Explores the economic interpretation of scoring rules through the lens of portfolio theory. Shows how proper scoring rules relate to expected utility maximization and provides economic justification for the use of specific scoring rules in different contexts. Connects scoring rules to financial theory in a natural way.

Software and Implementations

18. Jordan, A., Kruger, F., and Lerch, S. (2019). "Evaluating Probabilistic Forecasts with scoringRules." Journal of Statistical Software, 90(12), 1-37.

Describes the R package scoringRules, which implements a comprehensive set of proper scoring rules for both discrete and continuous forecasts. While the package is in R rather than Python, the paper serves as an excellent practical guide to implementing scoring rules, with discussion of numerical issues and edge cases. The package documentation includes worked examples for all major scoring rules.

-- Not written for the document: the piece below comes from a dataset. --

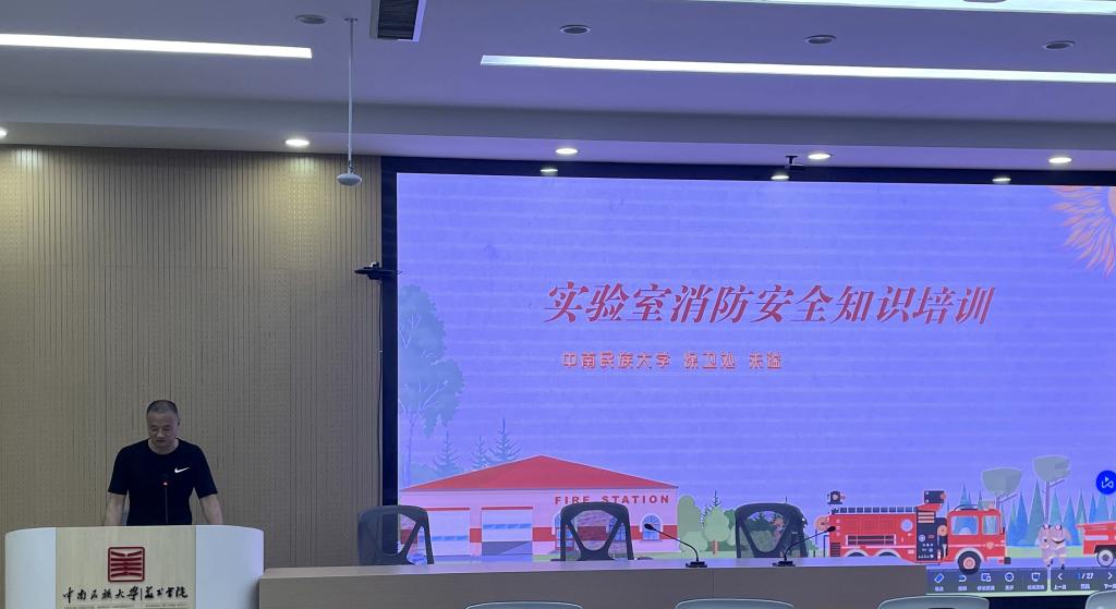 培训中,朱溢副处长通过多媒体演示,对高校实验室火灾案例,实验室火灾事故的发生、预防和处理,如何避免火灾事故,校园消防巡查、训练等方面进行了详细讲解。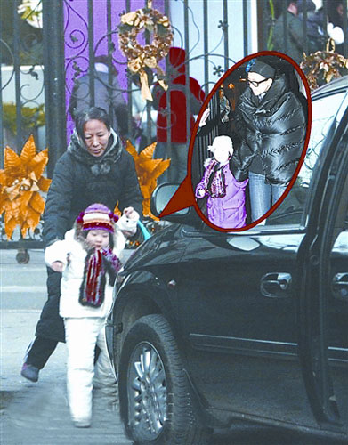 近日,記者來到位于INTEL大廈的章子男居所附近,恰巧趕上章子怡之前使用的那輛黑色道奇駛出大廈,記者便跟了上去。該車最終來到位于望京的某小學(xué)門口,而后一中年女子迅速下車,站在門口開始向校園內(nèi)觀望。沒過多久,一個(gè)穿著一襲白衣的小女孩向中年女子跑了過來,該女孩就是章子男的女兒。中年女子未作停留,迅速將女孩領(lǐng)到了車內(nèi),隨后一溜煙離開。

19. Metaculus (2020-present). Metaculus Scoring Documentation.

The forecasting platform Metaculus publishes detailed documentation of its scoring system, which is based on the logarithmic score with relative scoring against the community. This documentation provides a practical case study of how a major platform implements scoring rules. Available at metaculus.com.

How to Read These References

If you read only three things: 1. Brier (1950) -- the origin of the most important scoring rule 2. Gneiting and Raftery (2007) -- the comprehensive modern treatment 3. Hanson (2003) -- the connection to prediction markets

For practitioners: Start with Winkler (1996) and Merkle and Steyvers (2013), then read Tetlock and Gardner (2015) for real-world context.

For theorists: Start with Savage (1971) and Schervish (1989), then proceed to Gneiting and Raftery (2007) and Ehm et al. (2016).

For market designers: Start with Hanson (2003), then read Chen and Pennock (2007) and Abernethy et al. (2013).